The old log file from the failed Diamond step indicated it was also able to attempt mapping the protein set, but there weren't any primary alignments found:

[10:12 AM]: Mapping 549,368 proteins to genome using diamond and exonerate
[10:45 AM]: Found 0 preliminary alignments --> aligning with exonerate

Fingers crossed this job will continue working. By the way, is it easy to restart a Funannotate job or is the entire pipeline required to be rerun? Ex. Diamond and Genemark finish, but the plug gets pulled on PASA...

When I was at UNH we didn't have to specify RAM, but at NAU we do. Most of the cores here are 24 cpus with 128 GB RAM, though there are a mix of 28/250, 32/500, and then a pile of GPU units. I wish I understood how to make things work with GPUs...

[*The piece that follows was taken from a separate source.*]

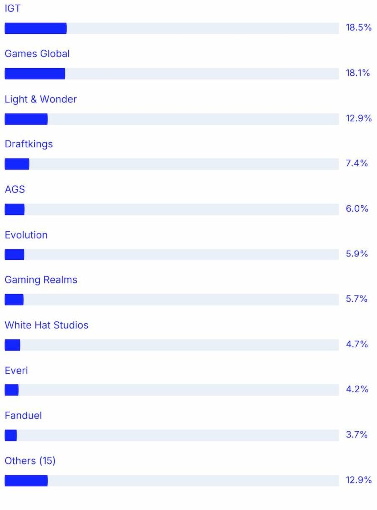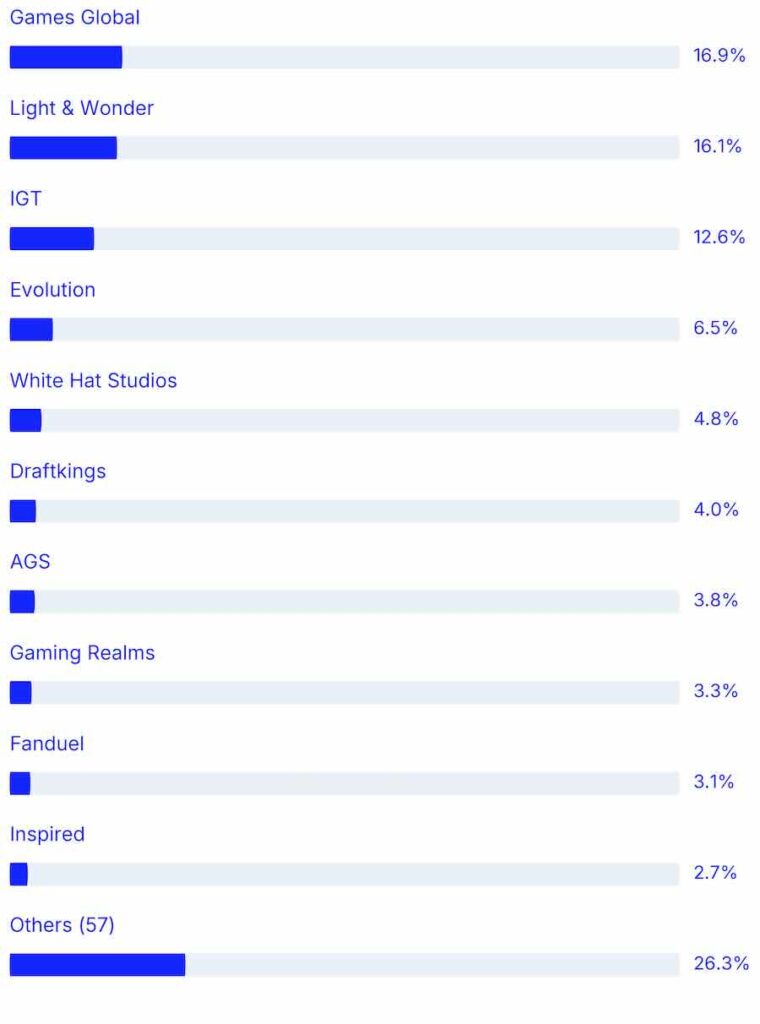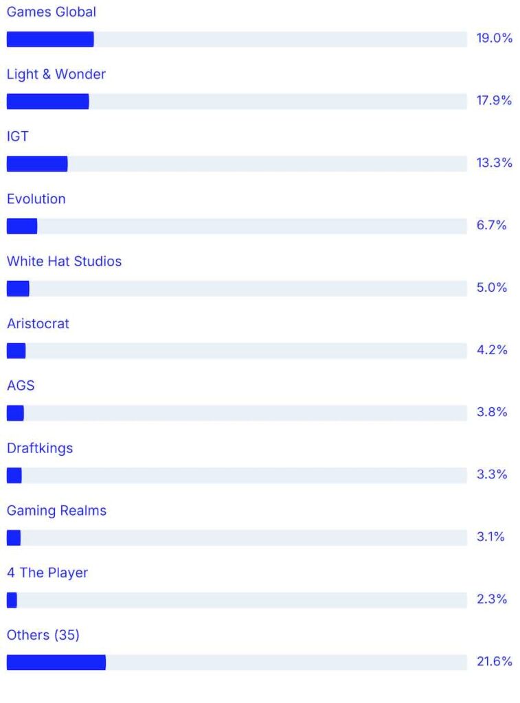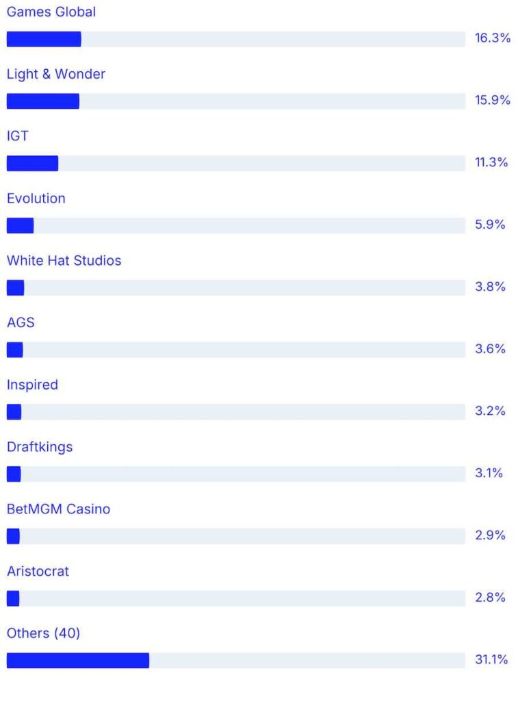 Where studios have more than one studio brand we collapse all of those numbers under the main studio. For example Light & Wonder statistics contains all Elk and Lightning Box games.

The only way I can think of having you capture CPUs and RAM is for the user to specify it up front as a parameter of funannotate train. Even then, I'm not sure what you'd do about it with Diamond. I like your solution of capping the Diamond job to no more than 8 CPUs while being able to allocate more to other parts of the pipeline; maybe other Diamond experts can chime in on how to better tweak parameters for jobs with larger numbers of memory or cpus.

Thanks

[devonorourke]

Took about a day and a half to finish the Diamond/Exonerate work, but it ran successfully using the original Conda environment software (I haven't run pip installon the new code yet):

[04/08/20 20:06:10]: Mapping 549,368 proteins to genome using diamond and exonerate
[04/08/20 20:06:10]: Diamond v0.9.21; Exonerate v2.4.0
[04/08/20 20:06:10]: diamond makedb --threads 8 --in /scratch/dro49/myluwork/annotation/fun1/funR1n/predict_misc/proteins.combined.fa --db diamond
[04/08/20 20:06:19]: diamond blastx --threads 8 -q /scratch/dro49/myluwork/annotation/fun1/funR1n/predict_misc/genome.softmasked.fa --db diamond -o diamond.matches.tab -e 1e-10 -k 0 --more-sensitive -f 6 sseqid slen sstart send qseqid qlen qstart qend pident length evalue score qcovhsp qframe
[04/08/20 21:42:22]: Found 597,903 preliminary alignments --> aligning with exonerate
[04/10/20 05:59:37]: Exonerate finished: found 14,469 alignments

Guessing that your updated code capping just the diamond blastx step will go a long way to speeding things up once I can throw more cpus at the Exonerate step.

[nextgenusfs]

Exonerate is very slow. But good news is that you only need to run it once, ie you can reuse that data either through a rerun where it will find it or you can pass it as an argument if doing a clean run in a new directory.